La Lansbury opts for the personalized approach, signing autographs and chit-chatting with the happy mob that lines the barricades from stage door to shiny limo. When the car engine starts up in anticipation of the star's entrance, the collective pulse of the crowd quickens, and they're off to the races, exploding in cheers and applause the minute she appears. Her graciousness to her public is warm and regal.

Hollywood never knew what to do with a glamorous character actress. There were three Oscar nominations and 18 Emmy nominations along the way, but no cigar. However, Broadway audiences embraced her and made her a Star in a dazzling run of four iconic, Tony-winning portrayals (in Mame, Dear World, her Gypsy revival and Sweeney Todd) — plus, there was a nomination to grow on for her 2007 Broadway comeback (after 24 years) in a non-musical called Deuce. This season there was the revitalizing intervention of Madame Arcati, Noël Coward's eccentric spiritualist, and she went after the part with an unbridled, all-stops-out comic gusto you would never suspect from an 83-year-old.

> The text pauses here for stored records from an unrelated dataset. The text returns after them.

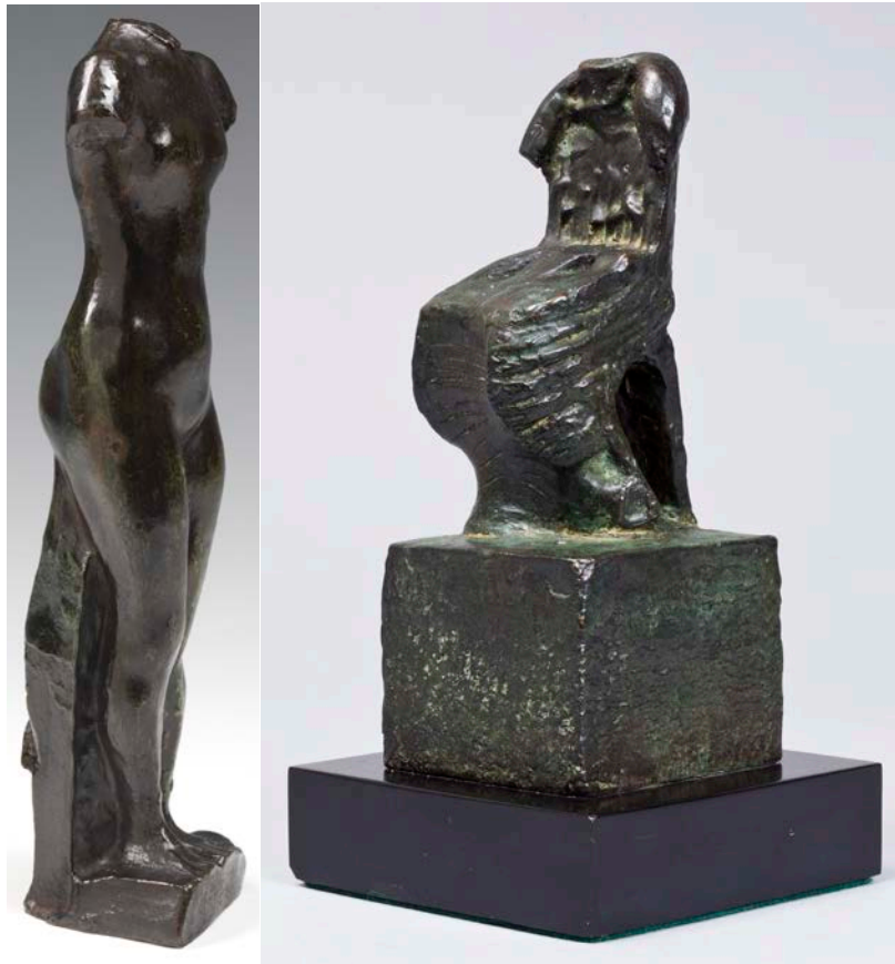
Left: Auguste Rodin, Standing Torso , bronze, 1882
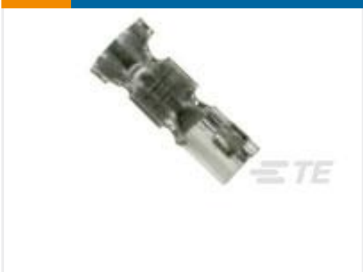
TE Part #179518-1 CT CRIMP-2 REC CONT. L/P
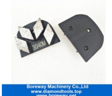
Four Segment Grinding Shoes
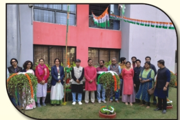
Republic Day at DAITM Page-4
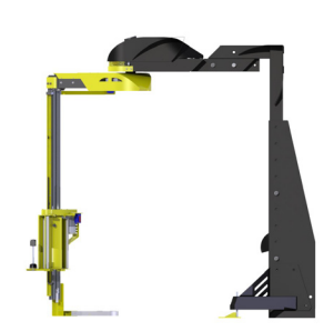
The rotating arm can be easily adjusted to achieve a wrapping diagonal of 78" or 87"; offering extreme versatility at no additional cost.

Four individual wrap programs can be stored using the touch screen HMI for simple operation of the machine. The programs include eight functions which can be adjusted to meet the demands of the most challenging applications.
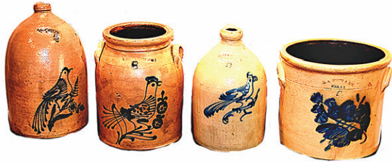
Collection of Blue Decorated Crocks and Jugs

Due to Covid-19 considerations, the auction will be posted on LiveAuctioneers and Invaluable as well as phone and absentee bidding
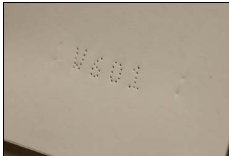
The digits in order on paper
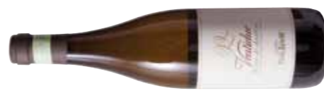
Villa Raiano, Ventidue, Fiano di Avellino 2011 17 (90) IDA 17 MG 17.5 EOH 16.5

£19.50 Prestige Food & Wine Very floral – almost Fiano-like – nose of orange blossom. Ripe, round and full with developed flavours of ginger. Lively acidity cleanses the palate of its chewy tannins and extract. Drink 2014-2017 Alc 13.5%
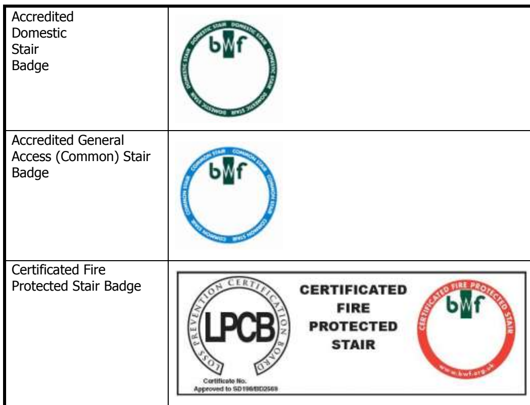
Table 1 – BWF Stair Scheme Badges

Each badge will be individually marked with the BWF logo, the manufacturer's name and a unique serial number allowing traceability.

"I know," she says, "but, once you're an actress, it's very hard to decide that you're not going to do it anymore. We're in a business where we're allowed to keep working. In the theatre. Not in the movies, and not in television — but that's all right. Bye bye to those. We are now in the form which suits us best because theatre is illusion. That's what's so marvelous about theatre. I hope it will always be that way. That's why I'm awfully comfortable coming back to the theatre. It is make-believe." Stage door barricades were up again all over town this season, with A-listers crowding into the Broadway limelight and radiating some of their own. At the Eugene O'Neill, they were up for Jane Fonda in Moisés Kaufman's 33 Variations, her first Broadway outing in 45 years. "It wasn't like I decided I wanted to do theatre and went looking for a play," she says. "The play looked for me, and the play found me at just the right moment in my life."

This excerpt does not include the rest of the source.